As I wrote this post, I was shocked to learn that Dove dark chocolate Promises [which I bought last week] have 4 strikes against them:  they contain only 60% cacao,  they contain milk fat,  they’re processed with alkali, &  they contain artificial flavor. So even though they are labeled “dark chocolate” they provide only a fraction of the health benefits found in better quality dark chocolate!
Hershey Special Dark chocolate bars [which I’ve always equated with being “real dark chocolate”, a.k.a. one step above baking chocolate] have 8 [!] strikes against them:  the first ingredient is sugar,  they contain only 45% cacao,  they contain milk fat,  they contain lactose,  they contain milk,  they contain PGPR,  they’re processed with alkali, &  they contain artificial flavor. O – M – G !!!

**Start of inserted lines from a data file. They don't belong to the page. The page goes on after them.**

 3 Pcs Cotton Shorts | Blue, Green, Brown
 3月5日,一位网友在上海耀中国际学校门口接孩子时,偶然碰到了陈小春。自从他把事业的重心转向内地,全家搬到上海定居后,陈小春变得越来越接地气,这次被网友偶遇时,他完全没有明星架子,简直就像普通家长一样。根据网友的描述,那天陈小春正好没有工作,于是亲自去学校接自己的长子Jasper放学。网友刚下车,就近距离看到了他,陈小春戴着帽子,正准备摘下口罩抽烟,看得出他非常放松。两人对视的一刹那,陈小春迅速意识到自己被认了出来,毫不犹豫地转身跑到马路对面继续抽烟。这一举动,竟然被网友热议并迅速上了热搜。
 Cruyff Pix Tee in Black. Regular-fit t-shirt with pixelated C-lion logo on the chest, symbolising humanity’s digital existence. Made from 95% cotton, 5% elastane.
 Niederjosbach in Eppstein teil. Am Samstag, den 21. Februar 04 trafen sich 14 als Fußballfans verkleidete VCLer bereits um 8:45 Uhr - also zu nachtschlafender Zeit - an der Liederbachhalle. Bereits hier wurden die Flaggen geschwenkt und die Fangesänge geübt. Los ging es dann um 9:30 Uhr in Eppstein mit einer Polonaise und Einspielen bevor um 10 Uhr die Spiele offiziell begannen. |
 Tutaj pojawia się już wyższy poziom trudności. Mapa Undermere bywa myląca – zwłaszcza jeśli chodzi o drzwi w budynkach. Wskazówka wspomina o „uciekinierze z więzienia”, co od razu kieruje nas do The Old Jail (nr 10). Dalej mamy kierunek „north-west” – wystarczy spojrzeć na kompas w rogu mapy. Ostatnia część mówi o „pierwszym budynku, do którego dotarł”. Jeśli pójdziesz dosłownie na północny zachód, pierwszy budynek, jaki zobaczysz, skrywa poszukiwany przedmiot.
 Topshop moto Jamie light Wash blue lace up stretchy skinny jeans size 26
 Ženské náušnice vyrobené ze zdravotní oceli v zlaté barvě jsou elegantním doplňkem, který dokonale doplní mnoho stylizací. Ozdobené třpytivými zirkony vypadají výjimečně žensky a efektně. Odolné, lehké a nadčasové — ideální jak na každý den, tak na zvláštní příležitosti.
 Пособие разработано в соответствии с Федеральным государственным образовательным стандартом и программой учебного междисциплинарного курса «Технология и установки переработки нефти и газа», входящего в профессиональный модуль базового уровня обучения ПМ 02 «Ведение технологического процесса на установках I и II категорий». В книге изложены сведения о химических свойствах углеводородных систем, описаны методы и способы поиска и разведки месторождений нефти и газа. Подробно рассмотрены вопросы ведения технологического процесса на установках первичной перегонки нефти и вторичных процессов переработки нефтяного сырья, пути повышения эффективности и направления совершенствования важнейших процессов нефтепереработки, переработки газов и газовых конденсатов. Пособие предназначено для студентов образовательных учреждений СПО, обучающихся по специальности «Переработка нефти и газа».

So if you are looking for healthy dark chocolate, there are many options in this post, like Green & Black’s, Ghirardelli, & Sharffen Berger. And the internet will steer you towards many others. The most important thing I’ve learned from this post is: ALWAYS READ THE LABELS!!! And when in doubt, visit the company’s website for additional info.
As I mentioned above, hubby got me Scharffen Berger artisan dark chocolate last month. I’d never heard of Scharffen Berger before. They were founded in San Francisco in 1997 and were the first chocolate maker to label their chocolate with the percentage of cacao inside. They were acquired by Hershey in 2005 but still operate as an independent company. They have very short ingredients lists and are heavenly delicious – *LIKE*!

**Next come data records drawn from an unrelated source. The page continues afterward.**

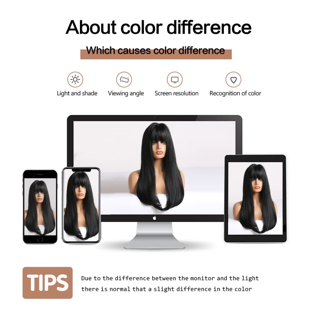 Culoarea neagră a perucăi (cod de culoare #242424) este un ton bogat și profund, care se potrivește perfect cu orice nuanță a pielii și ținută. Designul stratificat oferă o mișcare și o textură naturală, astfel încât peruca nu pare artificială sau rigidă atunci când este purtată. Bretonul încadrează perfect fața, în timp ce firele lungi și drepte oferă un aspect elegant și sofisticat.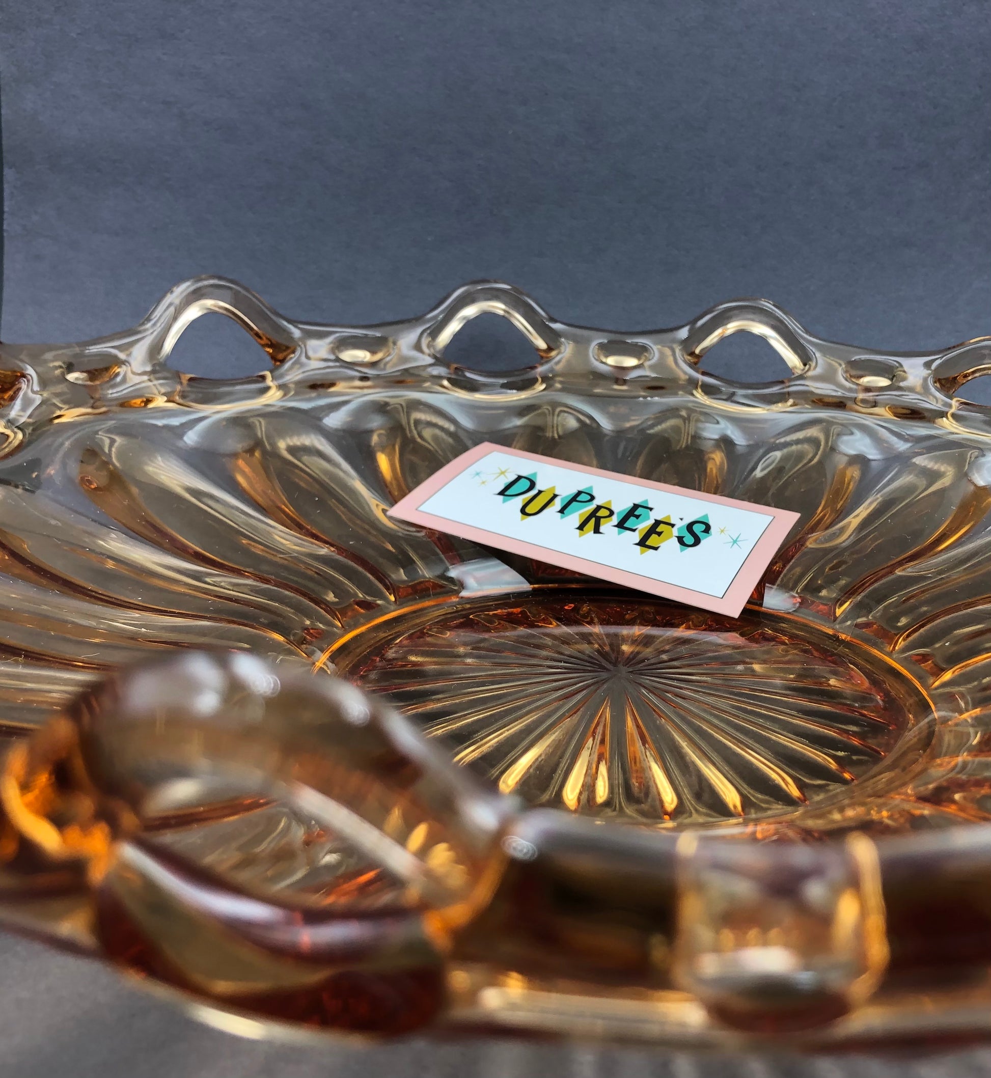 Fostoria Colonial Prism Amber pattern with lace edge.
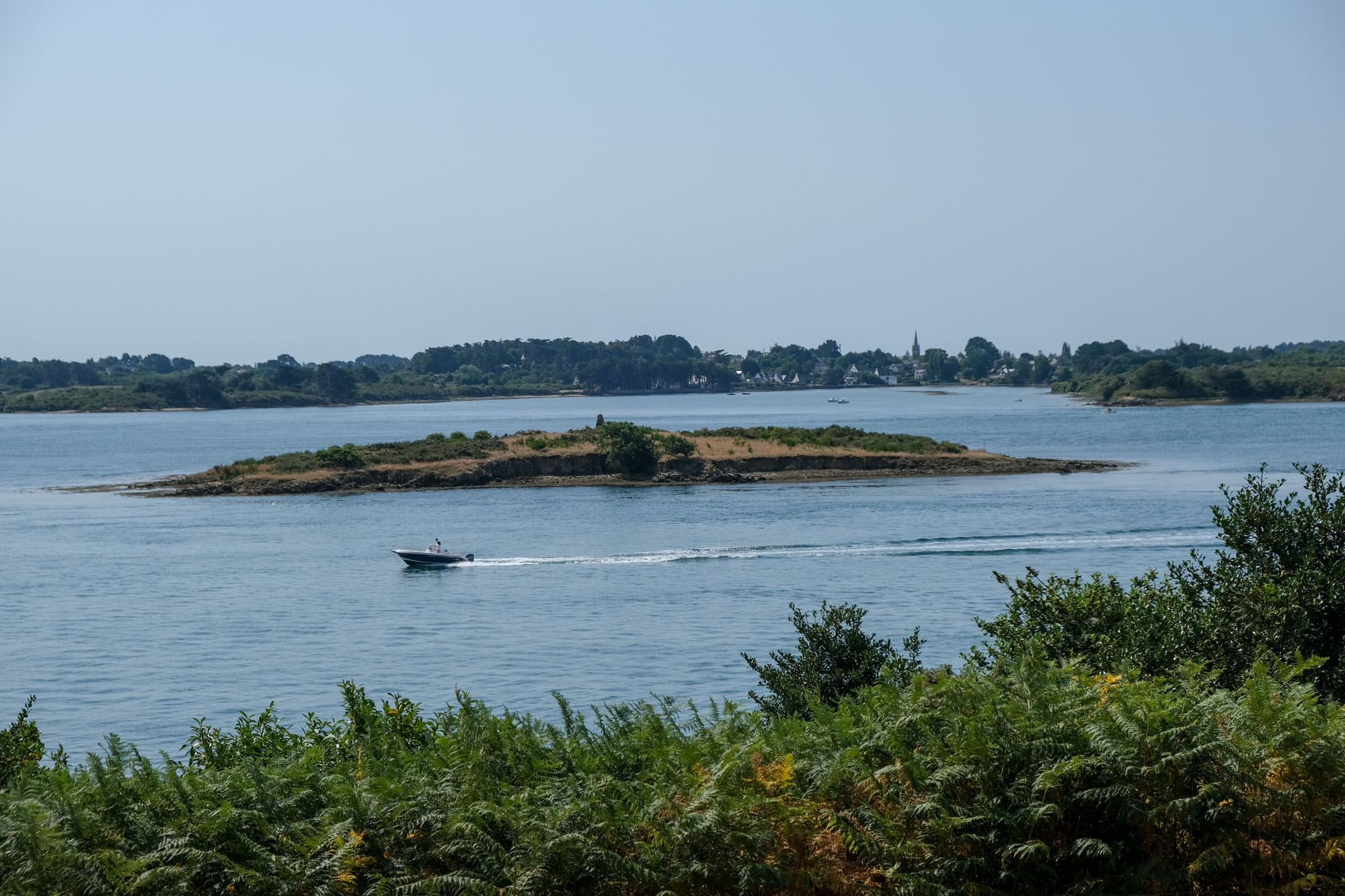 L’île de Gavrinis est située non loin de l’ouverture du Golfe du Morbihan sur la haute mer, à dix minutes en bateau du port de Larmor-Baden, dans le golfe du Morbihan. Il n’y a pas de bourg sur ce rocher granitique de 750 m de long et 400 m de large, soit 30 hectares environ. Le point culminant de l’île domine tous les environs. L’île est partagée en deux parties : l’une, au sud, appartient au département du Morbihan et l’autre, au nord, est une propriété privée. Source : Wikipédia

For more information on the health benefits of good quality dark chocolate, check out the articles I’ve linked to throughout this post. Or Google it – there’s tons of information out there! I have spent over a week researching dark chocolate. The more I read, the more confused I got and the more I had to read. But it’s all good! It was such a tangled web of information that I wanted to try and share what I’ve learned with you! And if you can school me on anything I got wrong, please do so in the comments section!
I don’t know about you, but I could REALLY go for some artisan dark chocolate right now!!!